Londoners hit by a 48-hour Tube strike are being encouraged to taxi-share to keep the city moving. It's an idea that makes sense on any day of the year - but can the notoriously reticent British really take it to heart? If Waterloo station is a hive of frenzied activity most weekday mornings, at rush hour on Wednesday it's full to bursting point. Outside this London rail terminus three taxi marshals in bright yellow vests are handing coloured cards to passengers joining a steadily growing queue. Welcome to taxi-sharing, British style. A two-day strike by Underground drivers has prompted this experiment in communal cab travel.

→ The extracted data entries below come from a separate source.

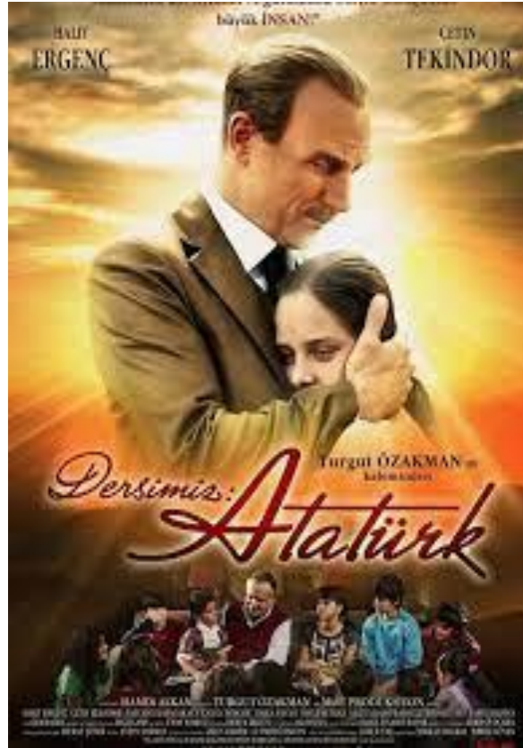
Resim 3 "Dersimiz Atatürk" film afişi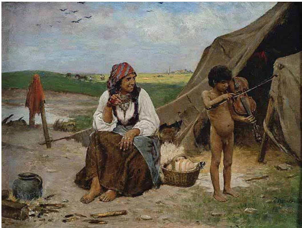
Рис. 1. Антоні Козакевич «Маленький віртуоз», кін. XIX ст.

геніального від природи. Скрипка символізує музичний дар маленького скрипаля. Образ живописно відтворює уявлення про вільних мандрівних ромів як носіїв незвичайної обдарованості й вродженого музичного таланту.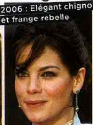
2006 : Élégant chignon et frange rebelle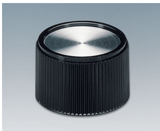
A1328160 DREHKNOPF, mit seidl. Schraubbefestigung PF schwarz/Alu 28x16mm 6mm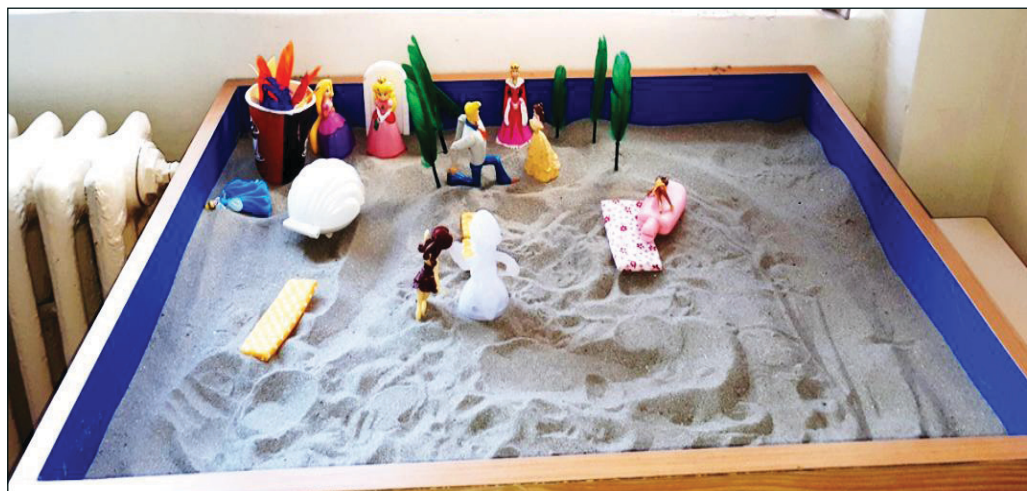
Figura 3: Tavă cu povestea în nisip, ședința 10

Povestea din ședința 10 redată așa cum subiectul a spus-o: Era un concurs. Cele șase prințese au mai rămas în joc. Erau 20 de prințese. Regina avea 3 premii: un săpun de 100 de ml, cel mai tare premiu – o statuie cu un joc de lumini, și ceva în scoică. Ele trebuiau să parcurgă 5 nivele, cele 6 prințese trebuiau să parcurgă 5 nivele ca să câștige. Primul nivel era să ia steagurile mergând prin lavă, dar erau și pietre acolo pe care ele le săreau. Întoarcerea era pe apă, să înoate cu steagul până la regină. Prima prințesă a sărit 3 pietre. S-a ars la picior și s-a dus la apă și i-a dus reginei. A doua prințesă și-a rupt rochia ca să sară pe pietre. A luat steagul și a mers până la regină. A treia prințesă s-a ars la mâini și la picioare și nu a mai vrut. A patra a sărit până la steagul ei, dar ea nu putea să înoate, s-a scufundat cu rochia și a murit. A cincea prințesă a zburat până la steagul ei și a reușit. A șasea prințesă a reușit să treacă, dar nu a putut să ia steagul pentru că era arsă și o dureau mâinile. Au rămas doar 3 prințese. A treia a ajuns la scoică și a deschis-o, a luat prințul și s-a căsătorit și au trăit fericiți până la adânci bătrânețe.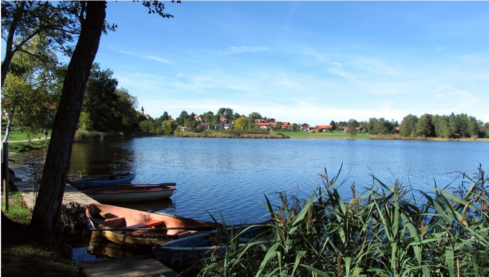
Nordic Walking Soier See Trail

Prospektmaterial ansehen und/oder bestellen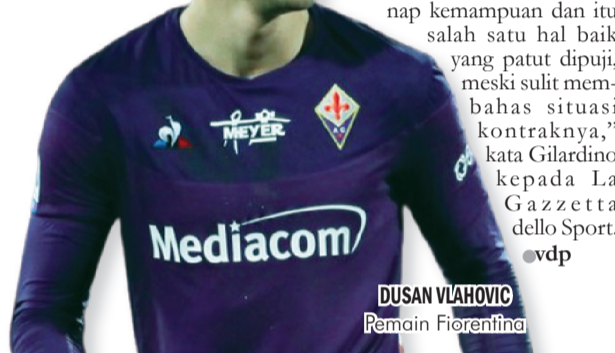
DUSAN VLAHOVIC Pemain Fiorentina

Korban terbaru pemuda 21 tahun kelahiran Belgrade, Serbia itu adalah AC Milan. Dua gol cantik ia ciptakan ke gawang Ciprian Tatarusanu, membantu Fiorentina menang 4-3, membuat Milan merasakan kekalahan pertama Serie A musim ini. Saat itu kualitas Vlahovic sebagai bomber nomor 9 yang mengerikan pun terlihat. Pada gol pertamanya, ia menunjukkan kualitasnya dalam membaca situasi, kemudian memosisikan diri dengan baik saat menerima umpan serangan balik.

Cheaper fares The black cabs are taking up to five passengers per trip - compared with the average of 1.5 - and the more efficient use of capacity means more efficient queues. The scheme is also running at London's other major rail termini on both strike days. The system promises fares per head of around a third of the metered price, not to mention less noise, disruption, congestion and pollution. Even the cabbies themselves will gain, according to Transport for London, because the total charge per journey will be higher once the individual fares are added together. And they'll still be busy.
But there's a strange thing. People seem prepared to abide by organised taxi-sharing on a day of crisis, but left to their own devices on a normal day they seem to have qualms. You can see it every time you step off a plane or a train and meander to a busy taxi rank. No matter how long the wait, or how expensive the taxis, you will see single people getting into five-seat taxis and heading off on their own. How good it would be if people could just co-ordinate. If the businessman, the two older ladies, the schoolchild and the dreadlocked traveller are all going to the Comfort Inn in the city centre, why not all go together? So, what's stopping them?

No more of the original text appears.